The story, again, focuses on how Dr. Jung (Michael Fassbender) and Dr. Freud (Viggo Mortensen) develop a new form of therapy by examining both the conscious, what we’re actively doing/thinking/feeling, and the subconscious, mainly by analyzing dreams.  Jung and Freud develop a protĂ©gĂ©/mentor relationship, as the former’s current research seems to be a natural extension of the latter’s.

But as the years wear on, they start to diverge in both their beliefs and practices; Freud believes that deep down our psyches are based solely on sexual desires, Jung does not.  Jung wants to make spiritual/religion a part of psychoanalysis, whereas Freud thinks it should be purely science based, since those in the scientific community are having a hard enough time accepting this new kind of psycho-therapy without the whole mystical angle.  Also, Freud feels psychoanalysis should be used simply as a research tool to understand neuroses, whereas Jung wants to actually cure his patients.

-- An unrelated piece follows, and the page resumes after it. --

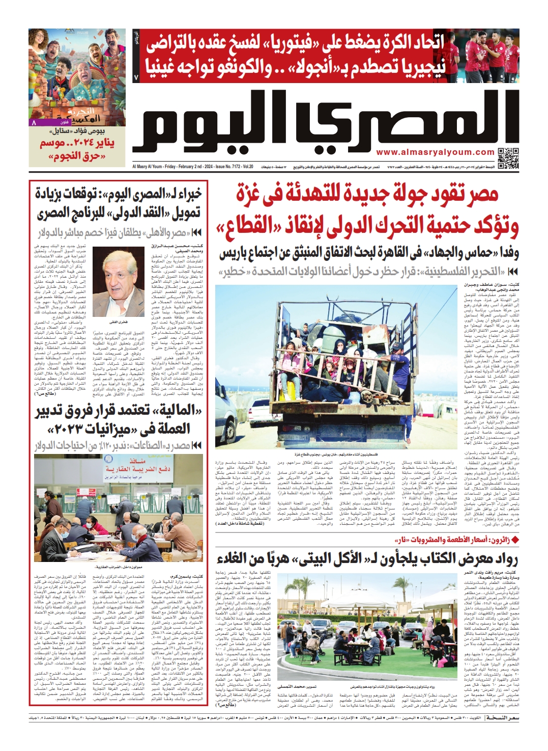 نبدأ معكم عددنا ليوم الجمعة 2 فبراير 2024.. وفيه نتابع: مصر تقود جولة جديدة للتهدئة فى غزة وتؤكد حتمية التحرك الدولى لإنقاذ «القطاع»، تقود مصر مفاوضات للتوصل إلى تهدئة فى غزة، حيث وصل إلى القاهرة، أمس، وفد قيادى رفيع من حركة حماس، برئاسة رئيس المكتب السياسى للحركة إسماعيل هنية، ومن المتوقع أن يصل، اليوم، وفد من حركة الجهاد ليبحثوا مع المسؤولين فى مصر الاتفاق الإطارى المنبثق عن اجتماع باريس.

It’s these differing views that drive them further apart over time, as we see what was a productive friendship turn into a polite, but rather tense rivalry.  As stated earlier, the correspondence and conversations between Jung and Freud are of interest at first, but after awhile they become repetitive, and the endless psycho-babble becomes downright tiring to listen to.  That they argue with each other in such a calm and formal manner raises the level of dramatic tension to . . . absolutely nothing.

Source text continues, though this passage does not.